The other foot and incense
The other foot
(for MKM.)
If ever hillocks
bended back, or showed
us different faces,
then we’d be wrong
to call this feeling joy.
This way not that!
Although it’s hidden
being hidden,
although the wild flowers
all have names
that we don’t know,
joyously so.
If ever a flower’s name
did change
and something happened
to it, we must be off
on the other foot.
The pines are social
animals, they crowd
the shadowed heights,
and doves,
their hardened tremolos
easing up as morning
wanes, are just,
promising each other
safe return
from in between the bluffs
and shattered trunks.
The pine, however, knows
no pine, the dove
no dove, as if
these words
could empty, otherwise
refer to others living
on the other face
this hillock hides,
as if we could’ve had
a different joy,
another sorrow,
a view on the whole
from above.
What we thought
was a crest
was a shallowing out
of the same.
--
Incense
(for MKM.)
Luckily, the sagebrush slope was downwind
from the rivulet between the landings, where a bolus
of cold, recirculating air was resting.
It meant that that elk, the one with the anomalously wide
juvenile antlers, couldn’t tell that we were coming over.
In this, of course, we shared in ignorance,
having been until then occupied with finding ready made
mule deer trails through the sage and trading anecdotes
of how we’ve healed since 2020. And then, as we crossed
the tree line, you put out your hand to stop me quiet.

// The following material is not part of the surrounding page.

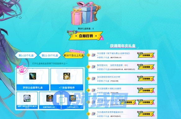 3、完成界面的指定任务可获得【周年庆狂欢礼盒】,打开礼盒能获取不同的奖励;

The wind had also quieted, bitter, sappy, gyring,
and already the tips of his antlers were bounding away
around the fold like a pair of doves with long,
connected tails. Drops of guilt for needing the warning
splashed in my heart but subsided, in part
because I’m less afraid of hurting others now,
but also you immediately turned to spot the female,
who took a couple precious seconds more to rouse
and to scatter. I don’t even think I saw her,
and all I felt was the ripple of my iris as I looked
where you looked, rippling which could’ve just as well
been the dance of aspen leaves, or refractions
in the bolus of air on the water, or the swirl
of pain which kicks up when it’s threatened.